**Exercise data**
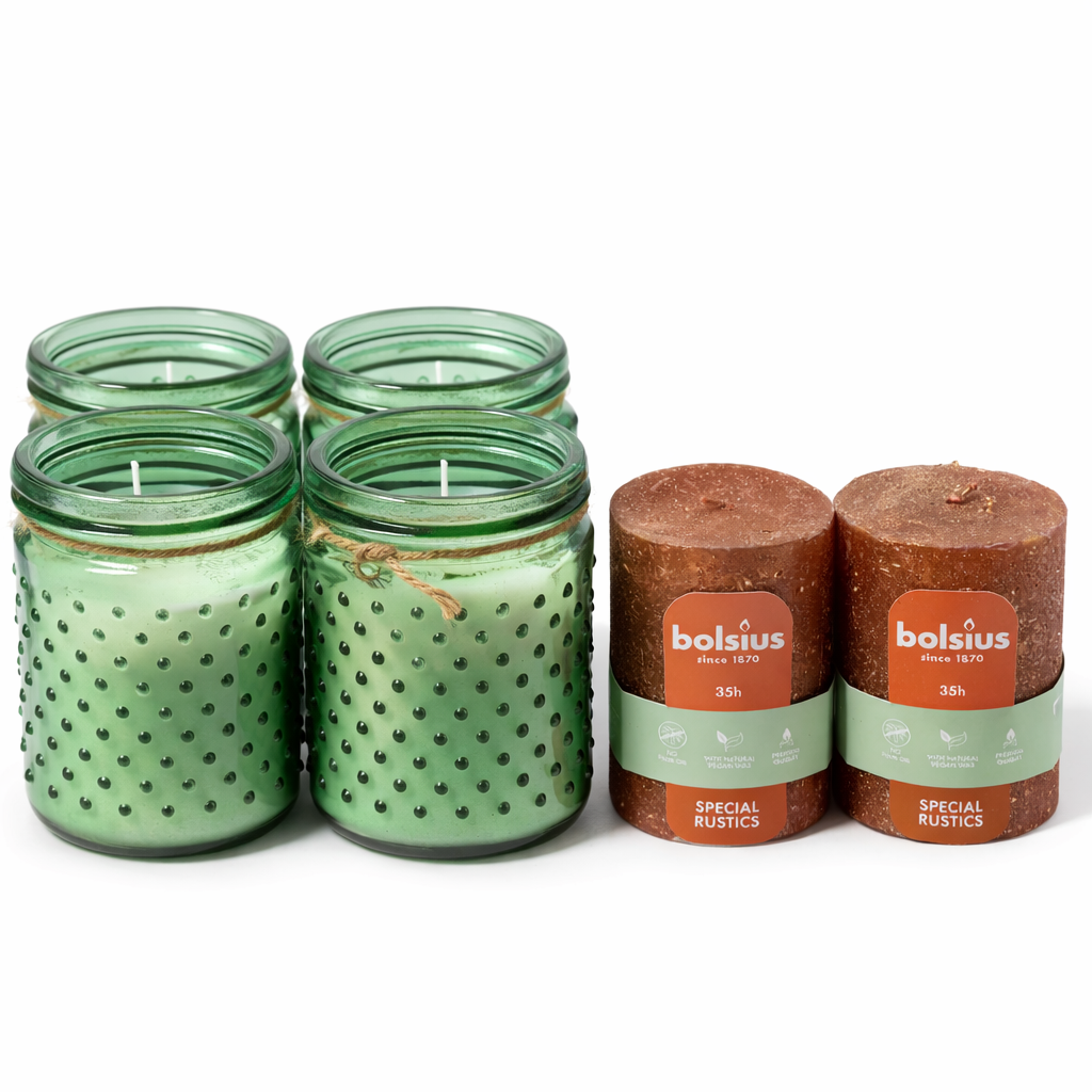 Partij kaarsen: 4x groene citronella + 2x Bolsius rustiek
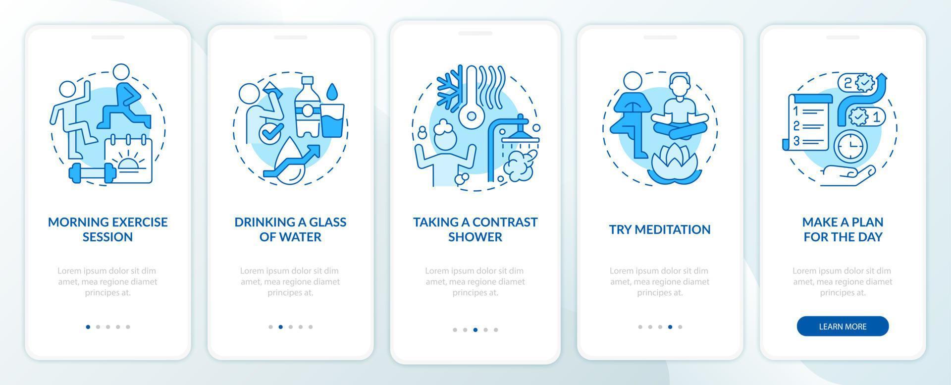 Daily routine blue onboarding mobile app screen. Selfcare walkthrough 5 steps graphic instructions pages with linear concepts. UI, UX, GUI template. Myriad Pro-Bold, Regular fonts used Pro Vector
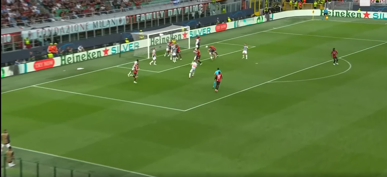 Il difensore come si nota è in ritardo nel duello aereo e Giroud può spizzare la palla sul lato di Leao/Pobega. In questa specifica azione sbaglia la spizzata e il Milan perde palla, ma con la spizzata giusta si sarebbe creato un 2 contro 1 molto pericoloso.
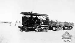 As there was no water in the Ras en Naqb area, it was necessary to return to water at the Beersheba wells, which had been augmented by thunderstorms two or three days before the town was captured.[58][79] Although the wells in Beersheba had not been seriously damaged, the pumping engines could not be used and had to be replaced. New pumps were carried in by caterpillar tractors, while the pumping plant at Asluj was dismantled and brought in to Beersheba on 3 November. Several wells were found in gardens on 3 and 4 November, and although the water left after the thunderstorms and the wadies was soon exhausted, by 6 November 390,000 gallons a day were being produced, equaling demand.[85][86]This was supplemented by 100 motor lorries carrying full 1,800 litres (480 US gal) water tanks that shuttled between Beersheba and Karm 26 kilometres (16 mi) away.[87]
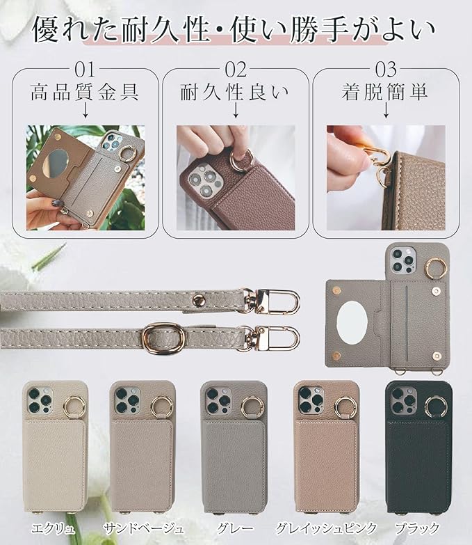 商品特徴◎ケース ショルダー ストラップ付き ◎マグネット止め、開け閉めが便利! ◎3枚カード収納可能。便利な指穴があり、カードの取り出しが簡単。 ◎ケースに鏡付き ◎スタンド機能有り ◎カラビナリング付き、落下防止
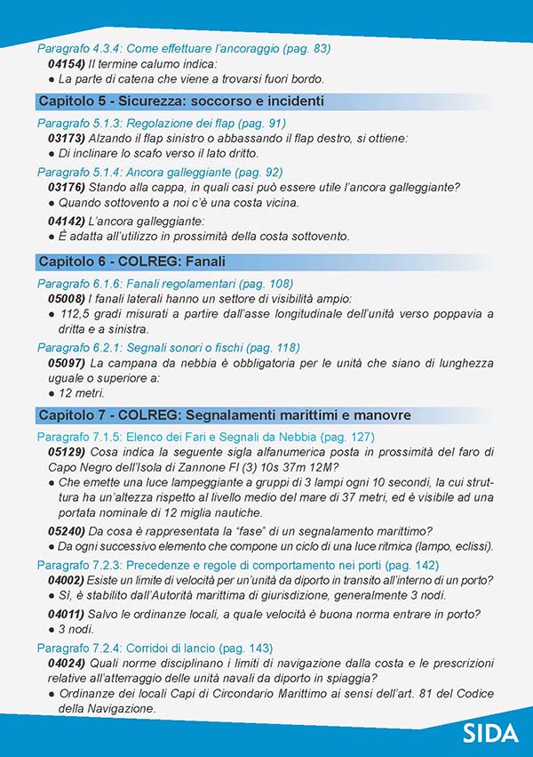 Coordinato a SIDA Aula e SIDA QuizApp, permette di prendere conoscenza della materia in modo semplice e veloce, con testi essenziali ed esplicativi solo dove necessario per la comprensione dei concetti più complessi. In carattere più piccolo sono presenti diverse note di approfondimento di carattere pratico, di sicuro interesse concreto per i futuri naviganti. In neretto sono invece evidenziati i termini "chiave" per la risoluzione dei quiz. Alla fine di ogni paragrafo ci sono le "vere" dei quesiti, articolati in terzine, per consolidare la preparazione e finalizzarla all'esame di teoria. Il testo è corredato da tantissime immagini, alcune contenenti QR code per la visualizzazione di animazioni e filmati extra. Un particolare e mirato lavoro di semplificazione riguarda il capitolo 7 sulla meteorologia e sulla navigazione dove con l'occasione sono state realizzate diverse e nuove immagini ancora più semplici e chiare rispetto a quelle pubblicate nel manuale di base. Per le esercitazioni è possibile utilizzare SIDA QuizApp Nautica. |
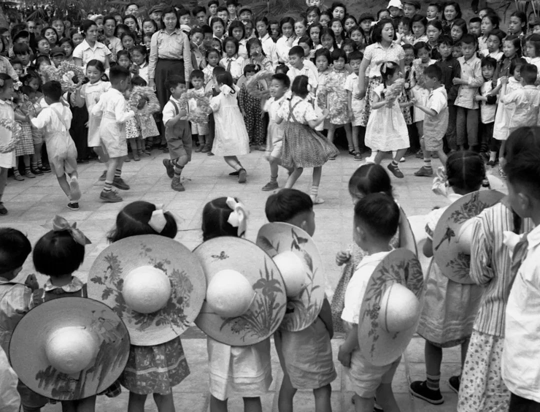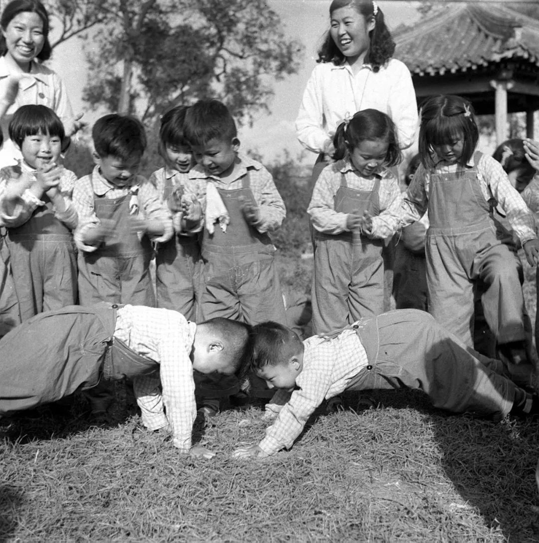 1950年6月1日,是新中国成立后的第一个“六一”国际儿童节。这是新华社托儿所的孩子们在户外做游戏。新华社记者 齐观山 摄(资料照片)
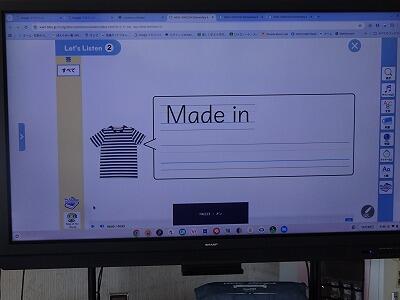 6年生外国語の授業の様子です。Made in 〇〇の言い方、国の名前は、1文字目は大文字になることを確認しながら進めていきました。

**Work to be completed**
If the records contain pictures, skip them, and transcribe exactly every line from the one with "Coordinato a SIDA" through the last line.

**Exercise result**
 Coordinato a SIDA Aula e SIDA QuizApp, permette di prendere conoscenza della materia in modo semplice e veloce, con testi essenziali ed esplicativi solo dove necessario per la comprensione dei concetti più complessi. In carattere più piccolo sono presenti diverse note di approfondimento di carattere pratico, di sicuro interesse concreto per i futuri naviganti. In neretto sono invece evidenziati i termini "chiave" per la risoluzione dei quiz. Alla fine di ogni paragrafo ci sono le "vere" dei quesiti, articolati in terzine, per consolidare la preparazione e finalizzarla all'esame di teoria. Il testo è corredato da tantissime immagini, alcune contenenti QR code per la visualizzazione di animazioni e filmati extra. Un particolare e mirato lavoro di semplificazione riguarda il capitolo 7 sulla meteorologia e sulla navigazione dove con l'occasione sono state realizzate diverse e nuove immagini ancora più semplici e chiare rispetto a quelle pubblicate nel manuale di base. Per le esercitazioni è possibile utilizzare SIDA QuizApp Nautica. |
 1950年6月1日,是新中国成立后的第一个“六一”国际儿童节。这是新华社托儿所的孩子们在户外做游戏。新华社记者 齐观山 摄(资料照片)
 6年生外国語の授業の様子です。Made in 〇〇の言い方、国の名前は、1文字目は大文字になることを確認しながら進めていきました。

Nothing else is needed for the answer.